As I and many others have written before, the rail project has been trashed by independent experts for years for deceitful estimates of ridership, project cost, ticket cost, job creation and pollution reduction, and for the inability of its staff to craft a legal business plan that avoids future taxpayer subsidies. The bullet train is also slated to have its first segment built in a lightly populated area despite the state legal requirement that the second segment can only be built after the first segment breaks even or is making money. It also faces deep skepticism from private investors and from the folks on Wall Street who would be asked to buy billions in state bonds to help pay for the project.
Those are just some of the many problems the media acknowledges. As I alone detailed last month, there’s also this: In providing California $3 billion-plus in federal funding for the project, the Obama administration is breaking clearly written rules on how stimulus dollars are supposed to be spent.
These rules, published in the Federal Register on June 23, 2009, say that state applications must stand up after being subjected to a “rigorous analysis.” The key factors of this analysis involved the “financial plan (capital and operating),” the “reasonableness of financial estimates” and the “availability of operating financial support” and “quality of planning process” for proposed projects.
If that “rigorous analysis” really happened, how did California’s project get a dime from D.C., much less $3 billion?
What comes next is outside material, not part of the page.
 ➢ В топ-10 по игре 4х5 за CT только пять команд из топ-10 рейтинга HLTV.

Problems on all these fronts are precisely why independent evaluations are so harshly critical.
How can Jerry Brown look at all this and think his managerial genius will make things get better? Talk about hubris. Talk about vanity. Talk about a lunkhead.
Historians like to champion the “great man” theory of history — revolutionaries who transform the course of human events with their brilliance and charisma. Jerry evidently puts himself in this category.
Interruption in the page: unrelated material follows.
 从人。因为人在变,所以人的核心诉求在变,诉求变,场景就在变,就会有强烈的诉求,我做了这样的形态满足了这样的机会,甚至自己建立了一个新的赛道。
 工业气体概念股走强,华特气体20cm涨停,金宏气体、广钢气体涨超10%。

For me, when I look at the bullet train mega-debacle, other nostrums come to mind. The British social critic John Ruskin put it well: “In general, pride is at the bottom of all great mistakes.”
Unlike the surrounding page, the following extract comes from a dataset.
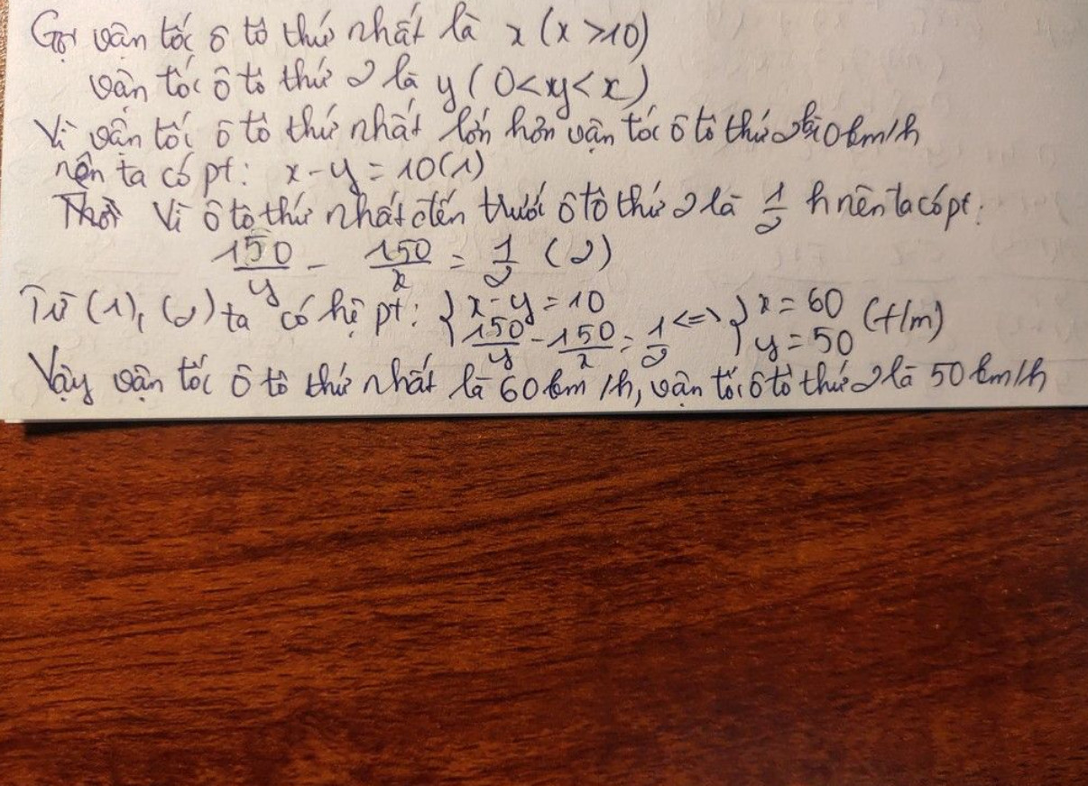 => vận tốc của ô tô thứ nhất là (x+10) km/h

Then there’s the aphorism based on a longer passage in the Bible: “Pride goeth before a fall.”
Timber! Jerry Brown’s going down!
What are the odds that the California High Speed Rail Authority, the state of California and the federal government will come up with a bullet train that isn’t a boondoggle the size of the Pacific Ocean?
They are Carl Sagan-esque: Billions and billions to one. A bullet train has never broken even before. So if you put one in the Central Valley, it will?
Feel free to laugh or cry or both. “Jerry Brown’s Bullet Train” is rated UI for Utter Insanity. Not only should you not let your children go see it, you should encourage them to consider moving to another state.
California’s future is grim with this bunch in charge. And that’s putting it charitably.